Под ложечкой у Магоцци засосало от мрачного предчувствия, но он напомнил себе, о ком они вообще разговаривают.
– Да ладно тебе, Харлей. Это же Грейс и Энни. Даже если кто-нибудь был настолько глуп, чтобы к ним привязаться, тебе стоит беспокоиться о злоумышленнике, а не о них. К тому же с ними Шарон. Эта троица, если соберется вместе, может завоевать небольшую страну.
Харлей покачал косматой головой:
– Это вечная проблема у копов, занимающихся расследованием убийств. Говоришь им: что-то случилось, – а они сразу думают о преступниках. Родраннер, например, всегда грешит на автомобильные аварии.
Мысль Магоцци со скрежетом остановилась, и он представил, как нервные импульсы включают огни заднего хода, разворачиваются и едут в другом направлении. Харлей попал в точку, описав схему работы его мозга, – но мысли Магоцци приняли именно это направление не только потому, что он полицейский. Возможность того, что необычайная Грейс может быть подвержена такому обыденному явлению, как автомобильная авария, просто не пришла ему в голову.
– Черт, – пробормотал он и поднялся с кресла, – я позвоню в висконсинский дорожный патруль, пусть проверят отчеты об автомобильных происшествиях…
– Не трудись. Я уже это сделал, но тамошний долдон, похоже, не знает, что такое дух сотрудничества, – ты понимаешь, о чем я, – поэтому мы подключились к их сети и посмотрели сами. Ничего. По крайней мере, отчета пока нет. Мы оставили на их веб-сайте тег-сигнализатор, так что, если что появится, мы об этом узнаем.
Магоцци снова опустился в кресло и поглядел на Харлея. Под ложечкой засосало сильнее, а болезненная область, отвечающая за дурные предчувствия, расширилась, вобрав в себя желудок.
К ним подошел Джино и встал руки в карманы.
– О чем это вы тут шепчетесь? Вы похожи на пару старух на завалинке.
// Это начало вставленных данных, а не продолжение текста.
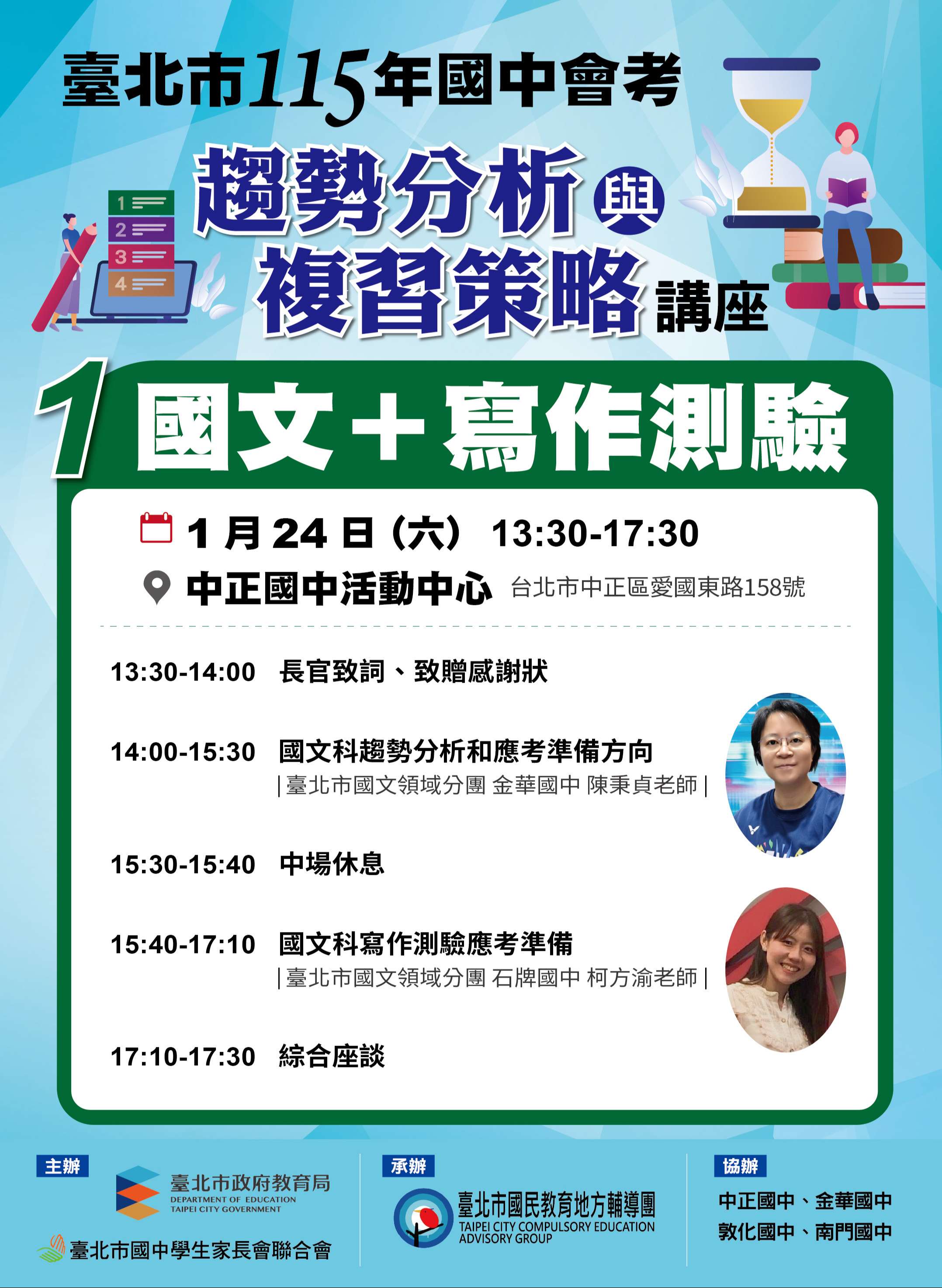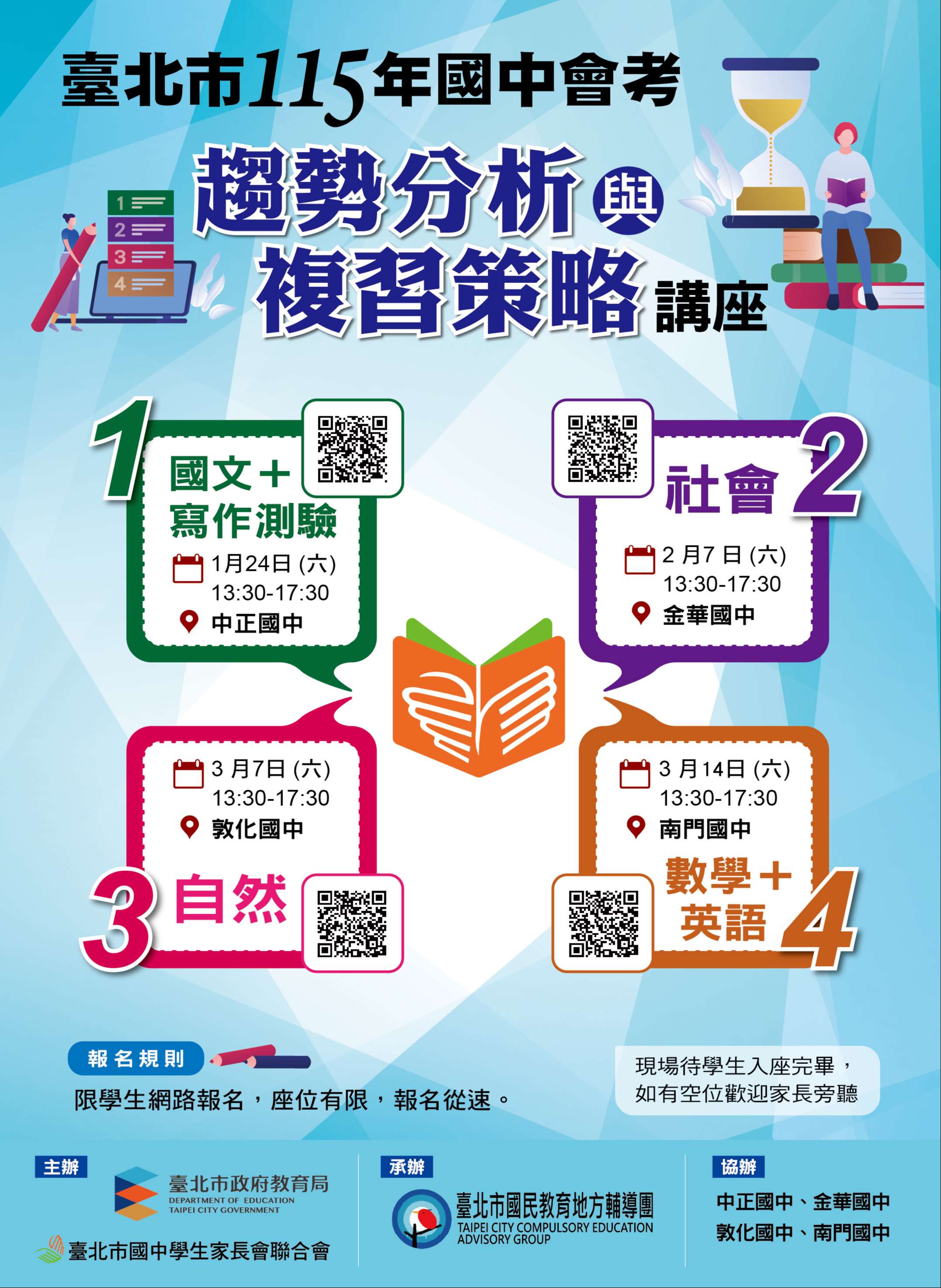二、為協助臺北市國中考生及家長瞭解115年國中教育會考命題特色與趨勢,本局會同臺北市國中學生家長會聯合會共同辦理旨揭講座。
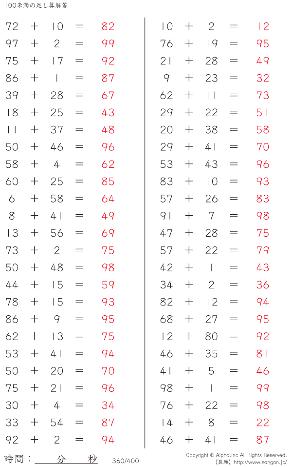 上記のボタンから「100未満の足し算」の算数数学ドリル・計算ドリル(PDFプリント)がダウンロードできます。個人利用は無料です(家庭以外での配布は有料です)。
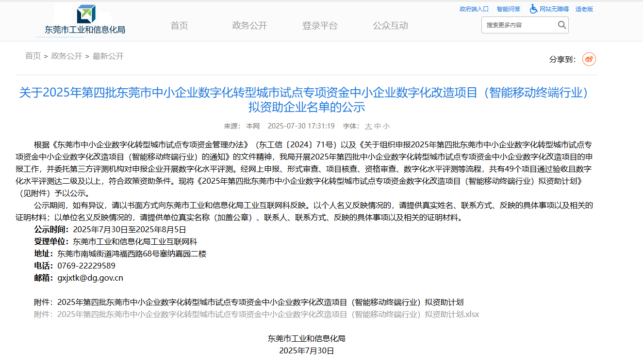 近日,東莞市工業和信息化局發布《關于2025年第四批東莞市中小企業數字化轉型城市試點專項資金中小企業數字化改造項目(智能移動終端行業)擬資助企業名單的公示》,廣東東晟密封件科技有限公司下稱東晟密封件”“DSHmf.com”)憑借在密封件領域數字化改造的深厚積累與亮眼創新成果,成功通過驗收且數字化水平評測達二級以上,成為本次49個通過項目之一。這一榮譽標志著東晟密封件在密封件行業的數字智造)水平已處于領先地位。
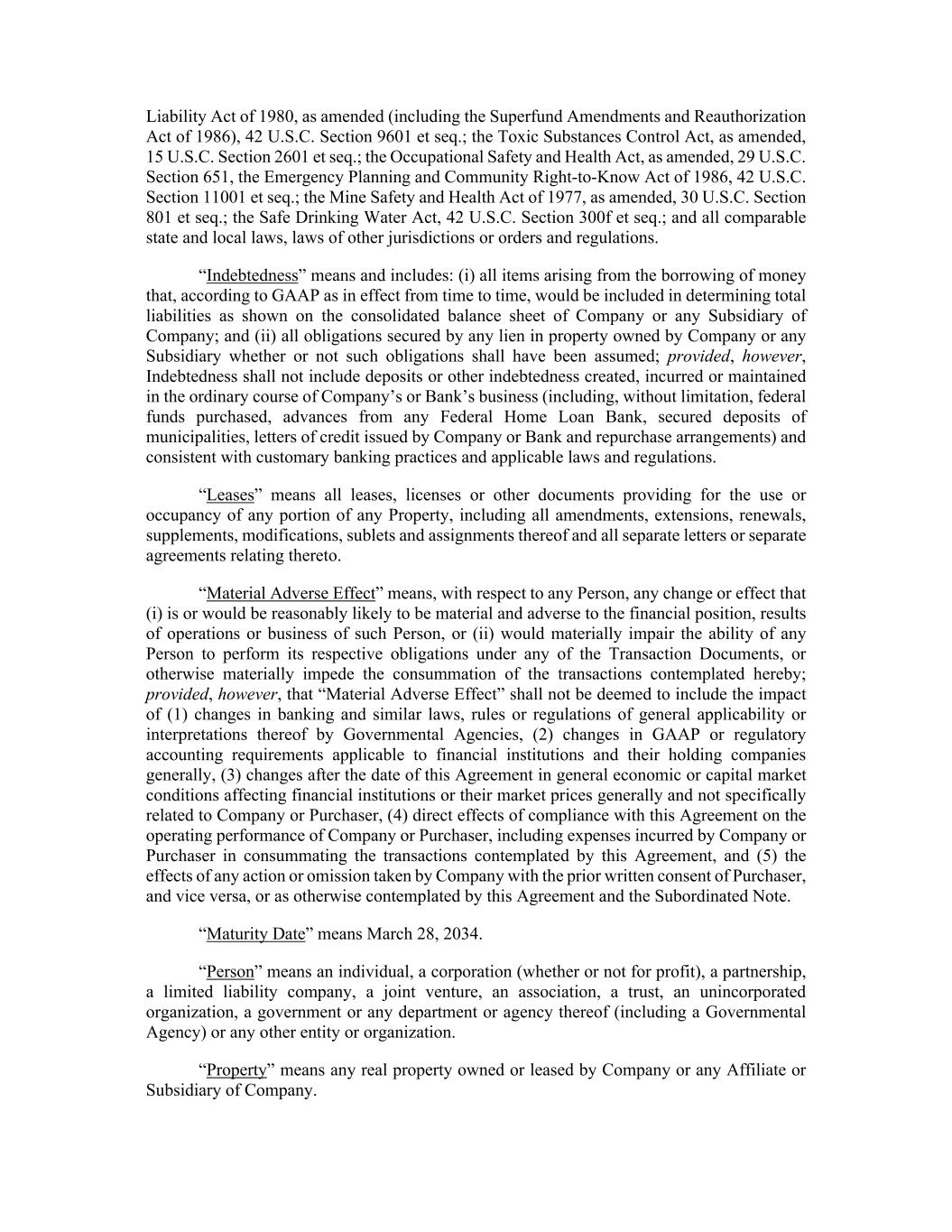 Liability Act of 1980, as amended (including the Superfund Amendments and Reauthorization Act of 1986), 42 U.S.C. Section 9601 et seq.; the Toxic Substances Control Act, as amended, 15 U.S.C. Section 2601 et seq.; the Occupational Safety and Health Act, as amended, 29 U.S.C. Section 651, the Emergency Planning and Community Right-to-Know Act of 1986, 42 U.S.C. Section 11001 et seq.; the Mine Safety and Health Act of 1977, as amended, 30 U.S.C. Section 801 et seq.; the Safe Drinking Water Act, 42 U.S.C. Section 300f et seq.; and all comparable state and local laws, laws of other jurisdictions or orders and regulations. “Indebtedness” means and includes: (i) all items arising from the borrowing of money that, according to GAAP as in effect from time to time, would be included in determining total liabilities as shown on the consolidated balance sheet of Company or any Subsidiary of Company; and (ii) all obligations secured by any lien in property owned by Company or any Subsidiary whether or not such obligations shall have been assumed; provided, however, Indebtedness shall not include deposits or other indebtedness created, incurred or maintained in the ordinary course of Company’s or Bank’s business (including, without limitation, federal funds purchased, advances from any Federal Home Loan Bank, secured deposits of municipalities, letters of credit issued by Company or Bank and repurchase arrangements) and consistent with customary banking practices and applicable laws and regulations. “Leases” means all leases, licenses or other documents providing for the use or occupancy of any portion of any Property, including all amendments, extensions, renewals, supplements, modifications, sublets and assignments thereof and all separate letters or separate agreements relating thereto. “Material Adverse Effect” means, with respect to any Person, any change or effect that (i) is or would be reasonably likely to be material and adverse to the financial position, results of operations or business of such Person, or (ii) would materially impair the ability of any Person to perform its respective obligations under any of the Transaction Documents, or otherwise materially impede the consummation of the transactions contemplated hereby; provided, however, that “Material Adverse Effect” shall not be deemed to include the impact of (1) changes in banking and similar laws, rules or regulations of general applicability or interpretations thereof by Governmental Agencies, (2) changes in GAAP or regulatory accounting requirements applicable to financial institutions and their holding companies generally, (3) changes after the date of this Agreement in general economic or capital market conditions affecting financial institutions or their market prices generally and not specifically related to Company or Purchaser, (4) direct effects of compliance with this Agreement on the operating performance of Company or Purchaser, including expenses incurred by Company or Purchaser in consummating the transactions contemplated by this Agreement, and (5) the effects of any action or omission taken by Company with the prior written consent of Purchaser, and vice versa, or as otherwise contemplated by this Agreement and the Subordinated Note. “Maturity Date” means March 28, 2034. “Person” means an individual, a corporation (whether or not for profit), a partnership, a limited liability company, a joint venture, an association, a trust, an unincorporated organization, a government or any department or agency thereof (including a Governmental Agency) or any other entity or organization. “Property” means any real property owned or leased by Company or any Affiliate or Subsidiary of Company.
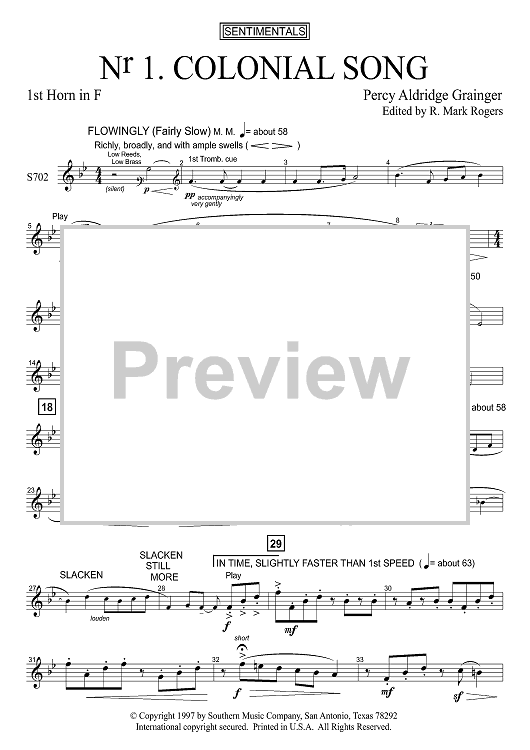 Digital Sheet Music for Colonial Song - F Horn 1 by Percy Grainger, R. Mark Rogers scored for Concert Band; id:503570
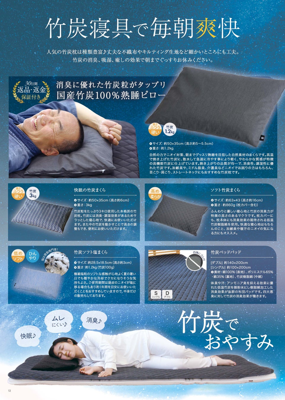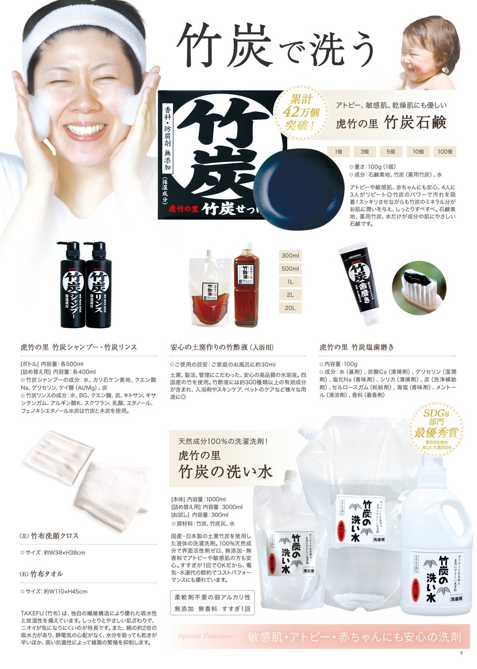 また、ロングセラー商品である「虎竹の里 竹炭石鹸」や「竹炭の洗い水」、さらに「国産竹炭100%熟睡ピロー」など、暮らしを快適にする竹炭アイテムも充実。竹炭の持つ独自の機能と、竹虎のものづくりへのこだわりを、ビジュアルと共にわかりやすく解説しています。
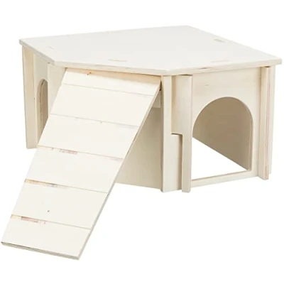 The corner house for small animals is made without brackets and nails. . The corner house for small animals has a viewing area on the roof and has two entrances. . The small animal house is made from untreated wood and is for rabbit. RPA2 0232023 Dimensions: 40 23 40 cm International products have separate terms, are sold from abroad and may differ from local products, including fit, age ratings, and language of product, labeling or instructions.
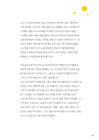 너 유연한 거 멋있더라.” 내 말에 수정이가 수줍게 웃더니 그림을 받아서
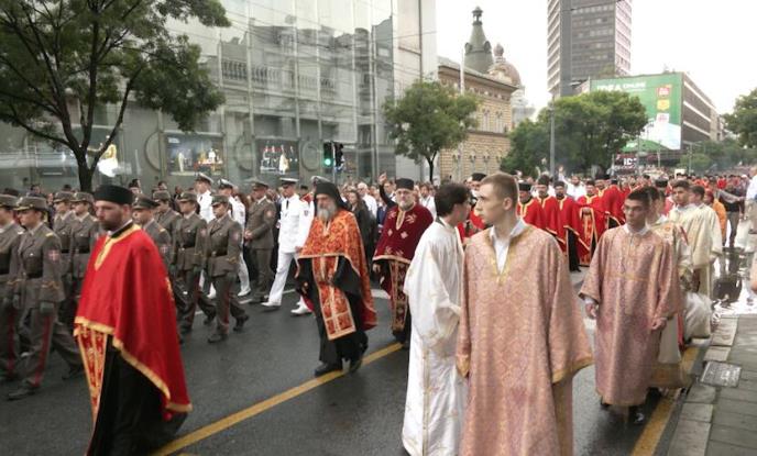 - Mi danas imamo liturgiju, koja upravo je sada u toku, a posle liturgije će biti slavski ručak. U popodnevnim časovima će biti krstonosni hod ili litija. Litija kreće u 19 časova, ovde iz ulice Kneza Miloša, preko ulice Kralja Milana. Na slavi će biti jedno kraće zadržavanje gde će se pročitati jevanđelje i moleban, odnosno molitva za sve Beograđane i za sav srpski narod. Ono što će odlikovati ovu litiju u različitom odnosu na druge litije to je ovaj broj ruskih episkopa koji je došao kod nas. Završiće se litija ispred samog hrama, ispred hrama patrijarh će održati kratko akatist i daće pouku srpskom narodu, onu koju pretpostavljamo da će biti kraće forme. Time se završava litija ove godine i ja pozivam sve Beograđane da dođu u što većem broju da budu na samoj litiji.
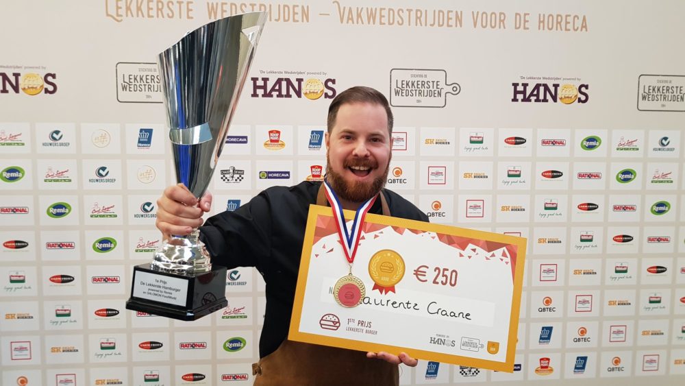 Laurentz Craane van Iveau Burger & Wijnbar is tijdens de Horecava winnaar geworden van de Lekkerste Hamburger 2019. Daarmee prolongeert de chef zijn titel van vorig jaar. Het was de derde keer dat hij als winnaar het podium van de Lekkerste Wedstrijden verliet.
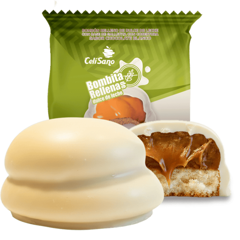 Bombitas rellena de dulce de leche banada en choco blanco 30 grs, producto sin gluten elaborado artesanalmente por Celisano. Apto para celíacos, congelado para conservar su frescura y sabor.Categoría: Bombitas. Producto sin TACC. Industria uruguaya.

Магоцци взглянул на Харлея, затем покосился на Родраннера, возобновившего свой челночный бег.
– Родраннер волнуется.
Джино пожал плечами:
– Конечно волнуется. Женщины пропали. Он мне рассказал.
– Не пропали. Просто опаздывают.
– Не говори ерунды. Эта троица? Десять минут – это они опаздывают. Два с лишним часа? Они пропали.